提到“天霞山”裴青裴鳴神色一滯,齊刷刷的白了臉。


    裴青肅然起敬,鄭重其事道:“末將定不辱命!”


    畢竟天霞山是他這輩子都不想再回去的地方!


    那裏是司家軍暗衛的秘密曆練場。


    更是所有司家軍暗衛噩夢開始的地方。


    天霞山位於北虞極北地區,隱匿在群山峻嶺之中,無人知道它的具體位置。


    它終年籠罩在氤氳的毒障之下,從來沒人見識過它的真麵貌。


    每年都會有專門訓練暗衛的人帶新人進去。


    同時也有會極少數的人從那裏出來,進入到司家軍的暗衛營中。


    即便是從通過天霞山曆練出去的暗衛,也沒人知道這座神秘的山峰到底有多高多險!
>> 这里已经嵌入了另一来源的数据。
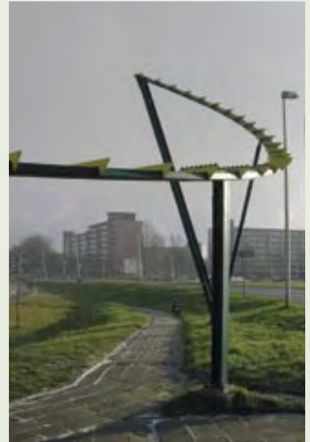
8 | Geluidsscherm | Snieder en Bouwarchitecten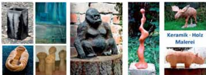
Keramik · Holz Malerei

Zur Eröffnung am 2. Juni 2019 um 11.00 Uhr spielt die Band „Autumn Indigo“ Jazziges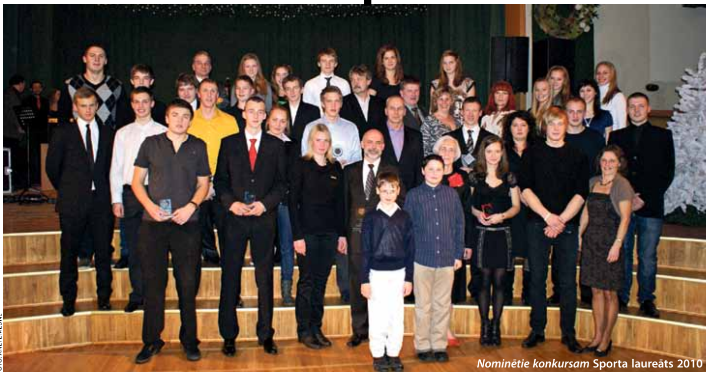
Nominētie konkursam Sporta laureāts 2010

7. janvārī Ķekavas kultūras namā notika Ķekavas novada sporta laureāts 2010 , kurā tika apbalvoti Ķekavas novada labākie sportisti, treneri un komandas.

    他們山中幾乎天天都在喪命的邊緣曆練,讓他們練就一身保命護主的本事。


    暗衛營的人都是司家軍在戰場上救下的孤兒。


    有人願意過安穩日子,司家軍便會送他們去祥和的山村平靜度日。


    若有心報恩,便可自選到天霞山曆練或直接參軍。


    裴青裴鳴兩兄弟家境貧寒。


    父母早年在戰亂中橫死,隻有兄弟倆相依為命。


    戰亂之年,又地處邊境,他們隻有參軍才能獲得一線生機。


    剛剛十一二歲的年紀,因常年吃不飽飯,骨瘦如柴。


    即便參了軍,在營中過得也讓並不如意,但總算不用為吃穿住發愁。


    第一次上戰場,便是大敗。


    逃亡時,兩兄弟被大軍遺棄,成為了敵軍的俘虜。


    他們過了兩年低賤的奴隸生活,但從未放棄逃跑。


    隻是每次逃跑都以失敗告終,從而換來更嚴厲的懲罰。


    某天夜裏,不知是哪方軍隊襲擊了他們所在的敵軍陣營。


    刀光劍影,火燒連營,拚殺聲四起,兩兄弟在奴隸圈中抱成一團,瑟瑟發抖。


    勝利的號角響起,奴隸圈也被解放了。


    他們才知道是自己的國家北虞大軍解救了他們。


    就在那個與他們年齡相仿的少年將軍,身披黑甲,手持長劍的劈開他們身上的奴隸枷鎖時。


    裴青裴鳴便發誓永遠效忠於他!


    也就是在那之後,他們二人選擇了將來能貼身護衛少年將軍的一條路。


    毅然決然的去了天霞山曆練。


    不論那裏的曆練有多殘酷,他們都一一挺了過來。


    僅用了兩年時間便通過了天霞山的曆練。


    分配至暗衛營後,兩人很快又脫穎而出,一路走到了少年將軍副將的位置。


    也許少年將軍早就忘了曾經救過這麽兩個毫無相幹的人。


    但他們永遠都不會忘!


    ……


    一句“天霞山”,讓裴青想起了過往。


    兜兜轉轉,他跟裴鳴都已經在將軍身邊待了這麽多年!


    回過神時,牢中隻剩下他自己。


    瞄了一眼三具黑炭般的焦屍。


    裴青嫌棄的離開,著手調查女焦屍。


    ……


    荒鬼山的山坳中,有一個荒棄了很久的小村落。


    不知從何年開始,荒鬼山有了鬧鬼怪的傳聞。


    這裏唯一的村落漸漸搬空,荒棄至今。


    如今正是這麽一座荒棄的小村落裏,明裏暗裏進駐了幾十號人。


    村落中間,一座有明顯翻新痕跡的大屋裏傳來爭吵聲。


    “你不能繼續留在京都,太危險了!”


    身著國師黑袍的男人,情緒激動的大喊。


    “我不會走的,我要讓墨嵐身敗名裂,死無葬身之地!”


    同樣身著黑袍的墨熒麵目猙獰的發狠。


    “你不是都已經移花接木的替我找了替死鬼,還怕什麽,這個世上已經沒有墨熒了!”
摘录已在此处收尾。